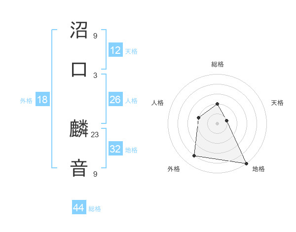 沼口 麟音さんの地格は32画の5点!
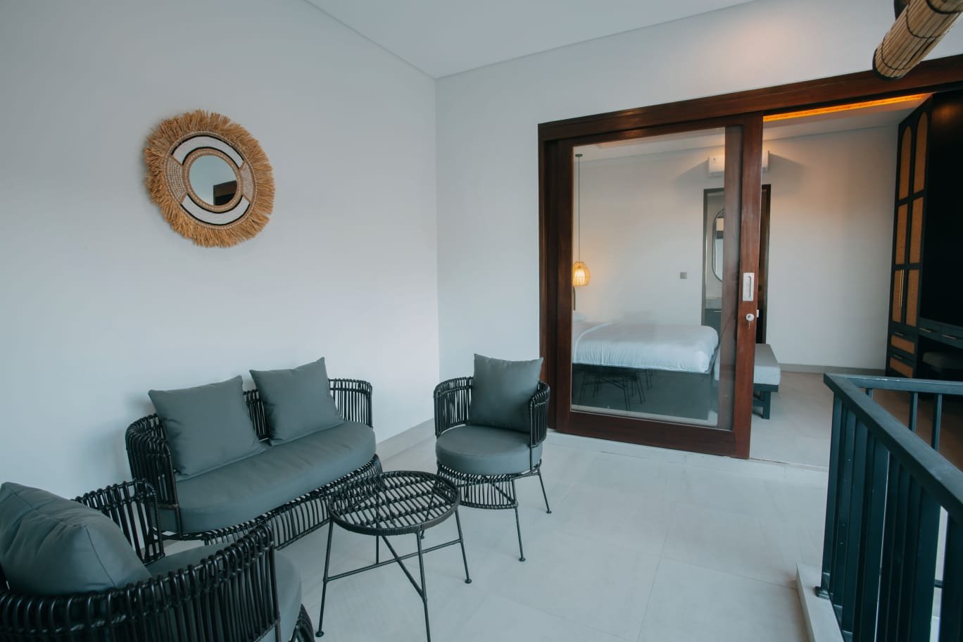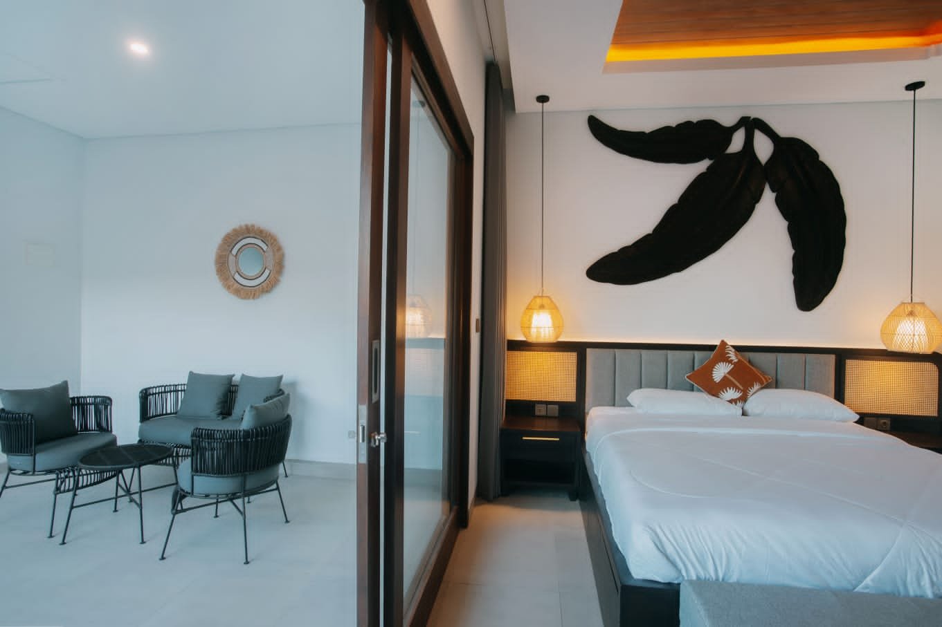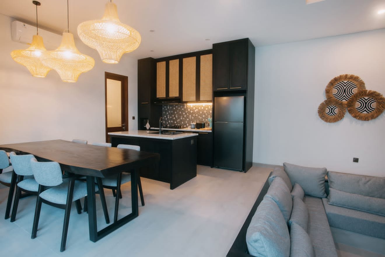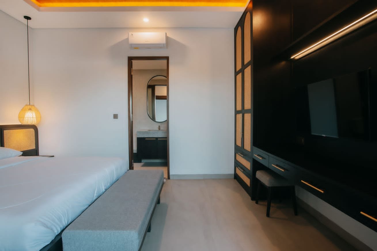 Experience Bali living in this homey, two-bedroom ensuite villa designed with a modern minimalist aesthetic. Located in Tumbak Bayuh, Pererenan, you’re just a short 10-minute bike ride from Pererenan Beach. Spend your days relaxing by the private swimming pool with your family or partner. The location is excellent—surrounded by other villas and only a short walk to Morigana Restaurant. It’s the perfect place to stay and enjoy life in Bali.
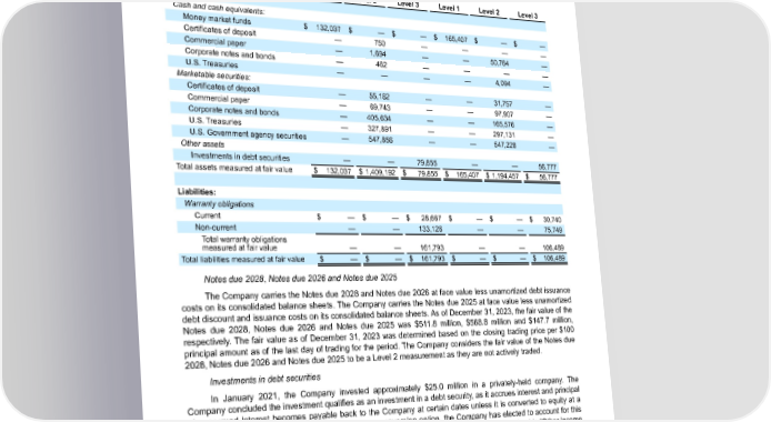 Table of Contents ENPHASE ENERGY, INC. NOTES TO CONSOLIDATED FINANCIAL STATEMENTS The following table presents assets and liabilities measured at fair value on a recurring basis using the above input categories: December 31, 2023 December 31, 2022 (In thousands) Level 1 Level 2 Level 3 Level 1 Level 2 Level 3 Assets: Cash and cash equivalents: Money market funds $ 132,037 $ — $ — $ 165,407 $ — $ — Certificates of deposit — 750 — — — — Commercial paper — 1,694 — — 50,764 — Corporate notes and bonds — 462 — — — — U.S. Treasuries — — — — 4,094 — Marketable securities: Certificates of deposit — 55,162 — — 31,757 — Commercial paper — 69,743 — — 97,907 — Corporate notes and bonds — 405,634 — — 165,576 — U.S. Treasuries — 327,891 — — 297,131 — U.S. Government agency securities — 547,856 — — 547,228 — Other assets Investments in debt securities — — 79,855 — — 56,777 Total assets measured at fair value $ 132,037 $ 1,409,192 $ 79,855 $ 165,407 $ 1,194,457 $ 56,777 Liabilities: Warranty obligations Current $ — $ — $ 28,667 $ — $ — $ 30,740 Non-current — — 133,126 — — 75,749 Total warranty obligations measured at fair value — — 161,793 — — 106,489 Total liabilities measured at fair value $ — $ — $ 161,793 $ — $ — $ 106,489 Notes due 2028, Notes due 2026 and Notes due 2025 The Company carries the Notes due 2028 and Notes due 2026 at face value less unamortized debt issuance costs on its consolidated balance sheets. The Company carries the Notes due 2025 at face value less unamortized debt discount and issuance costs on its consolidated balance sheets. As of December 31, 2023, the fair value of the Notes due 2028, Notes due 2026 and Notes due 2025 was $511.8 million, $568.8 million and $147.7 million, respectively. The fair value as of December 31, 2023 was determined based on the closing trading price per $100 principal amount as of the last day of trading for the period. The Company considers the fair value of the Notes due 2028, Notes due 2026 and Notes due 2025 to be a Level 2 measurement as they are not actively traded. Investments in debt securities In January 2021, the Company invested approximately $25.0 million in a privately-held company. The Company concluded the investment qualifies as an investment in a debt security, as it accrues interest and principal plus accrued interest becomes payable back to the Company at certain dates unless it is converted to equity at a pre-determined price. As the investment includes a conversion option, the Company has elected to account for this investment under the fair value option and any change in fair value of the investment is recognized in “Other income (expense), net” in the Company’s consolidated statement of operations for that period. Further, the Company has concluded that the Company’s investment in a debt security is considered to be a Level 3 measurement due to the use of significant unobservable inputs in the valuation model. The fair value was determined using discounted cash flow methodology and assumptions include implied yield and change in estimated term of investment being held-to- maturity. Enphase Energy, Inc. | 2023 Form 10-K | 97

· · · · · · ·

_Problem:_ All of the material above should be copied exactly, minus the pictures.

_Solution:_
 沼口 麟音さんの地格は32画の5点!
 Experience Bali living in this homey, two-bedroom ensuite villa designed with a modern minimalist aesthetic. Located in Tumbak Bayuh, Pererenan, you’re just a short 10-minute bike ride from Pererenan Beach. Spend your days relaxing by the private swimming pool with your family or partner. The location is excellent—surrounded by other villas and only a short walk to Morigana Restaurant. It’s the perfect place to stay and enjoy life in Bali.
 Table of Contents ENPHASE ENERGY, INC. NOTES TO CONSOLIDATED FINANCIAL STATEMENTS The following table presents assets and liabilities measured at fair value on a recurring basis using the above input categories: December 31, 2023 December 31, 2022 (In thousands) Level 1 Level 2 Level 3 Level 1 Level 2 Level 3 Assets: Cash and cash equivalents: Money market funds $ 132,037 $ — $ — $ 165,407 $ — $ — Certificates of deposit — 750 — — — — Commercial paper — 1,694 — — 50,764 — Corporate notes and bonds — 462 — — — — U.S. Treasuries — — — — 4,094 — Marketable securities: Certificates of deposit — 55,162 — — 31,757 — Commercial paper — 69,743 — — 97,907 — Corporate notes and bonds — 405,634 — — 165,576 — U.S. Treasuries — 327,891 — — 297,131 — U.S. Government agency securities — 547,856 — — 547,228 — Other assets Investments in debt securities — — 79,855 — — 56,777 Total assets measured at fair value $ 132,037 $ 1,409,192 $ 79,855 $ 165,407 $ 1,194,457 $ 56,777 Liabilities: Warranty obligations Current $ — $ — $ 28,667 $ — $ — $ 30,740 Non-current — — 133,126 — — 75,749 Total warranty obligations measured at fair value — — 161,793 — — 106,489 Total liabilities measured at fair value $ — $ — $ 161,793 $ — $ — $ 106,489 Notes due 2028, Notes due 2026 and Notes due 2025 The Company carries the Notes due 2028 and Notes due 2026 at face value less unamortized debt issuance costs on its consolidated balance sheets. The Company carries the Notes due 2025 at face value less unamortized debt discount and issuance costs on its consolidated balance sheets. As of December 31, 2023, the fair value of the Notes due 2028, Notes due 2026 and Notes due 2025 was $511.8 million, $568.8 million and $147.7 million, respectively. The fair value as of December 31, 2023 was determined based on the closing trading price per $100 principal amount as of the last day of trading for the period. The Company considers the fair value of the Notes due 2028, Notes due 2026 and Notes due 2025 to be a Level 2 measurement as they are not actively traded. Investments in debt securities In January 2021, the Company invested approximately $25.0 million in a privately-held company. The Company concluded the investment qualifies as an investment in a debt security, as it accrues interest and principal plus accrued interest becomes payable back to the Company at certain dates unless it is converted to equity at a pre-determined price. As the investment includes a conversion option, the Company has elected to account for this investment under the fair value option and any change in fair value of the investment is recognized in “Other income (expense), net” in the Company’s consolidated statement of operations for that period. Further, the Company has concluded that the Company’s investment in a debt security is considered to be a Level 3 measurement due to the use of significant unobservable inputs in the valuation model. The fair value was determined using discounted cash flow methodology and assumptions include implied yield and change in estimated term of investment being held-to- maturity. Enphase Energy, Inc. | 2023 Form 10-K | 97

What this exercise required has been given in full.